Robert Adanto: There are 13 artists in the film: Narcissister, Ann Hirsch, Leah Schrager, Kate Durbin, Go! Push Pops (Katie Cercone and Elisa Garcia de la Huerta), Rachel Mason, Rafia Santana, Claudia Bitran, Rebecca Goyette, Michelle Charles, Damali Abrams, and Faith Holland. I felt that this combination of artists would help me paint a portrait of fourth wave feminism, as it was being discussed in 2014.
Was it tough to get them interviewed on camera? How did you approach each interview?
Robert Adanto: Things came about quite easily, I would say. The day after contacting Katie Cercone, I interviewed Go! Push Pops. Katie played an important role at the onset, connecting me to Narcissister, Rebecca Goyette, and Michelle Charles, and after those initial interviews, I did more research, and added Ann Hirsch, Claudia Bitran and Rafia Santana to the mix. A few others, like Rachel Mason, Leah Schrager and Faith Holland, I met at events in New York.
In terms of my own approach, I would say my training as an actor and my early introduction to art history and contemporary art influence me the most. As an artist and educator, I want to do my best to present people of all cultures in ways not normally seen in western media. I want to present the complexity of human experience with specificity, so I try to never judge my subjects. I allow them to speak and to share their feelings. I do my research and engage them respectfully with the aim of documenting their lives and circumstances, and I find that this is usually enough to create a mosaic of sorts, one comprised of individuals who have experienced similar events or circumstances.
Is this film a form of activism?
Robert Adanto: No. That’s never been my intent when making these films. I’m not interested in making documentaries like Michael Moore does, exposing the Bush administration’s motives during the Iraq War. That’s activism, at least, when it comes to the general public. Black Fish and An Inconvenient Truth, that’s documentary as activism, in my opinion. I don’t have that kind of agenda when I approach a topic. A deep interest and a need to understand something more tends to fuel my filmmaking. When I choose a subject, it’s because I want to engage it, wrestle with it, study it, and find a way into that space so that I can create a vision of it, hopefully one that’s compelling and thought provoking. In the past, I think I’ve chosen topics of great complexity, and I want my audience to come away with a better understanding of what I’ve explored, but I also want to entice them to explore it more themselves after leaving the theatre.
What's your personal connection to the fourth wave? What do you think is defining feminism now?
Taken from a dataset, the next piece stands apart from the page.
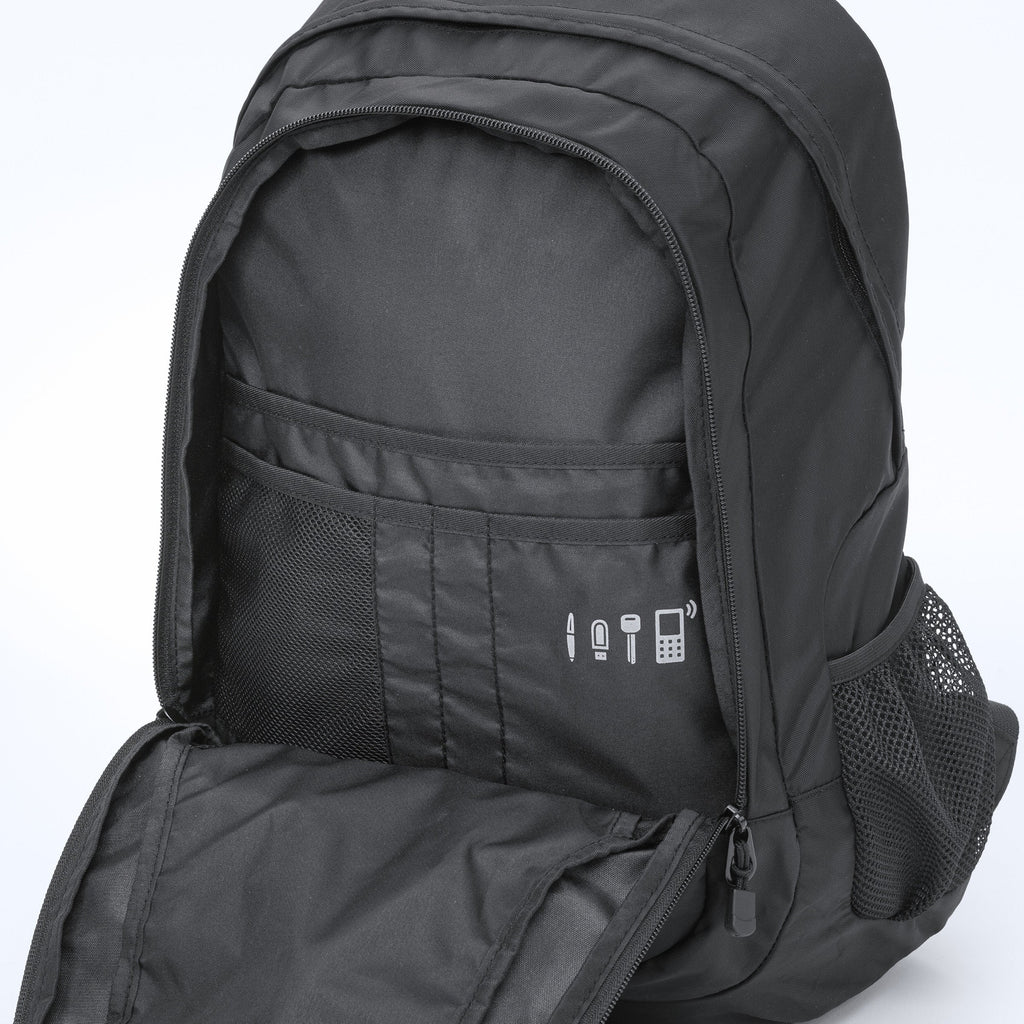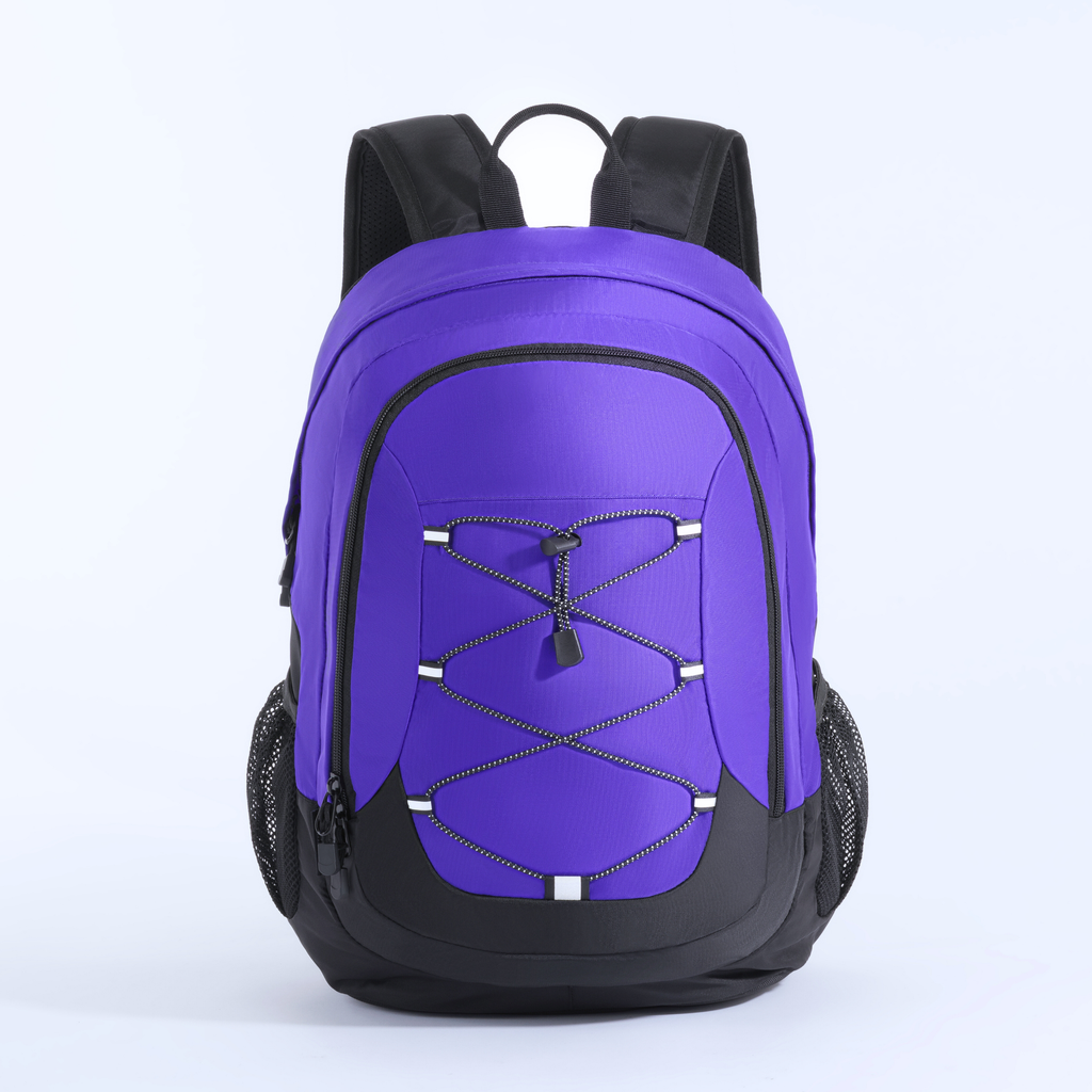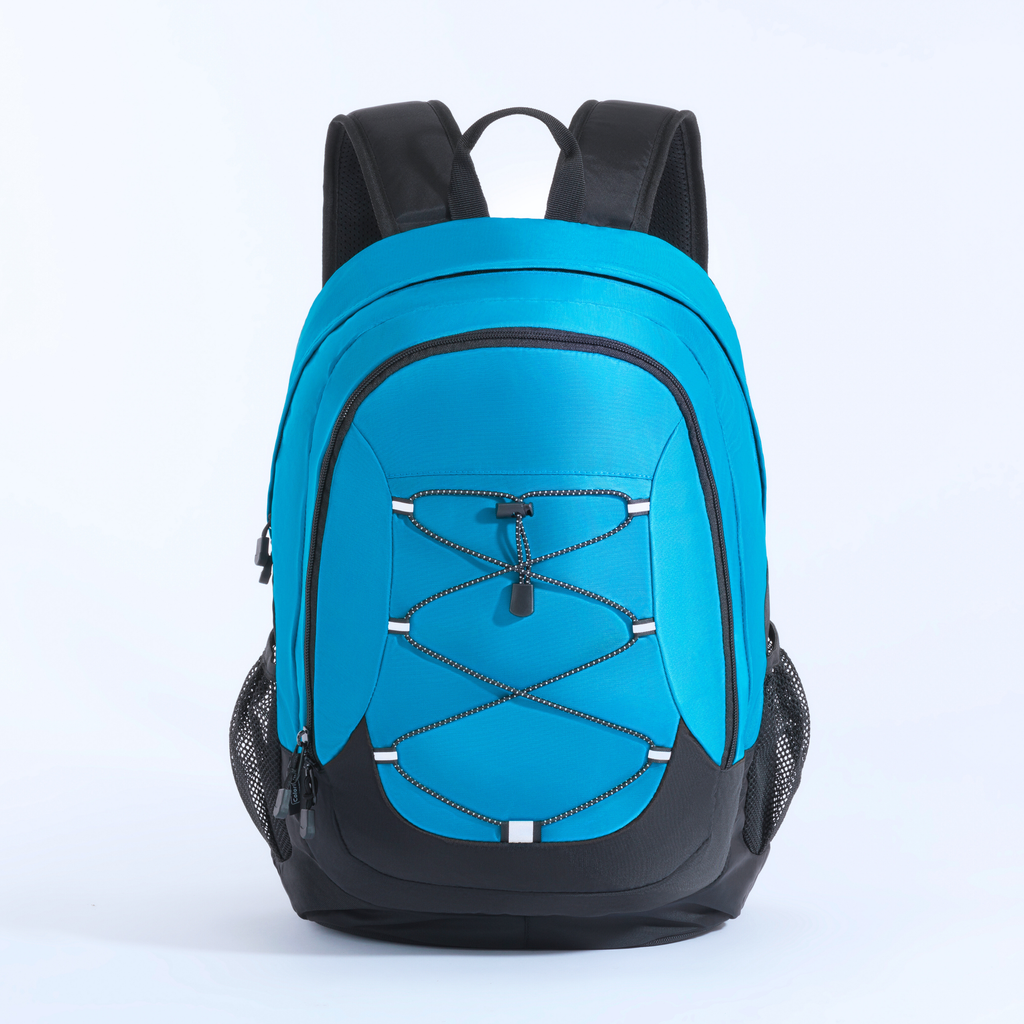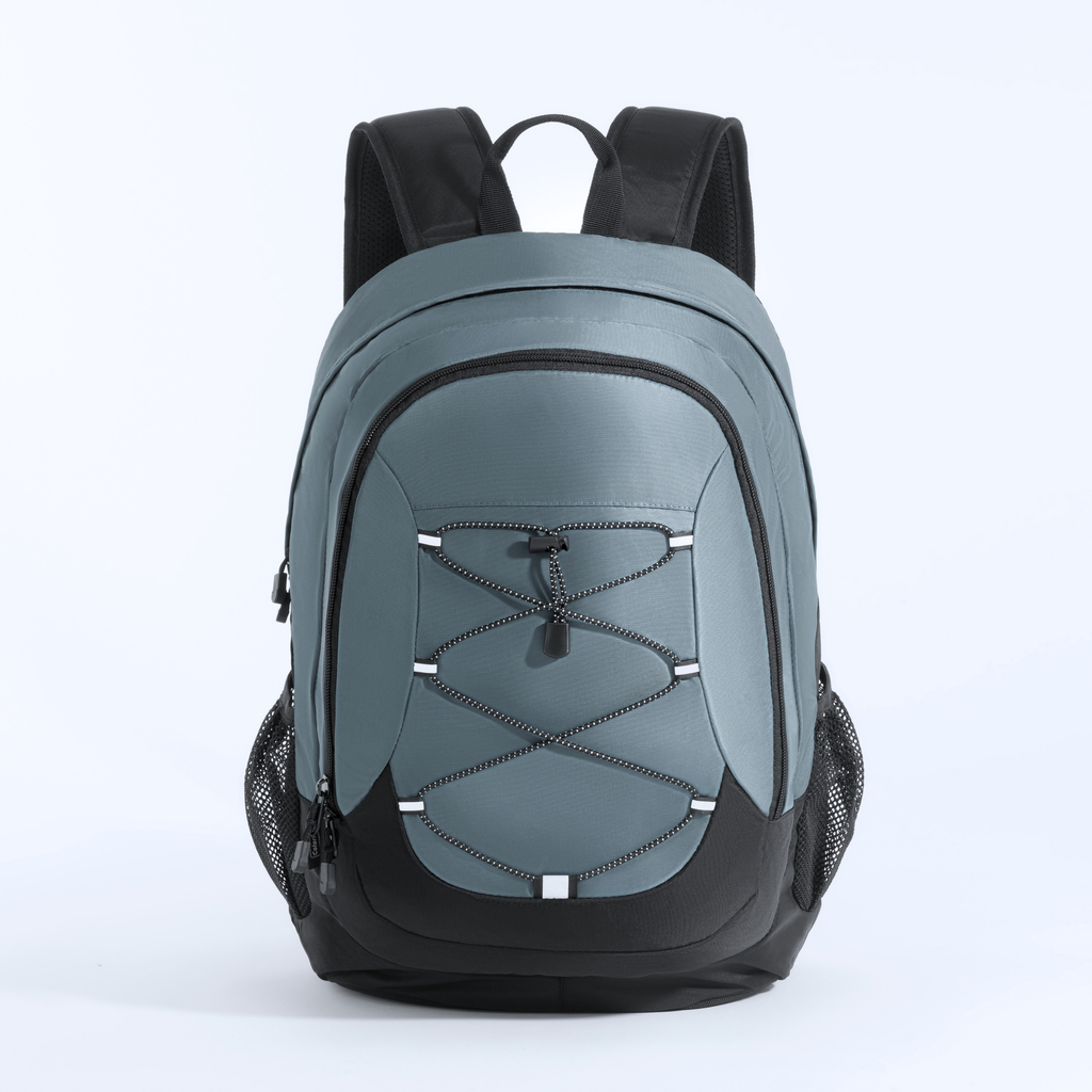 Funkcionalen športen nahrbtnik z dvema predalčkoma, elastične vrvice na sprednji strani omogočajo hitro pritrditev lahkih predmetov, stranska mrežasta žepa za manjše dodatke, ergonomski in zračni hrbtni del, podložene naramnice, prostoren glavni predal z zadrgo.

Robert Adanto: My personal connection with women and men identifying as ‘fourth wave’ feminists began with the making of this film, although I will always refer to Pearls on the Ocean Floor as my first ‘feminist’ film. I’m pretty sure I will be examining some other facet of feminism in the near future. I find it an endlessly fascinating subject to study and explore. It’s like studying mythology, folklore, or Shakespeare. There’s no end point, and I feel like I’ve read the four major tragedies but have yet to touch Pericles or Cymbeline.
I think the fourth wave is ardent about gender equity. Today’s feminism has expanded its concerns beyond the oppression of women, that’s for sure. I would also say that today’s feminism, as I see it, is less of a monolith when it comes to ideology. There appears to be several feminisms in this wave and that’s its strength. It’s a growing, fluent dialogue that is evolving, and I don’t believe there is one source or organisation defining feminism today.
What can the next generation of emerging artists learn from this film?
Robert Adanto: Hopefully they will be inspired to get back into the studio and keep working. The artists in The F Word are tenacious about their practice, and they have never relied on institutions to get their work shown. They are architects of change and I have a deep admiration for what they are doing.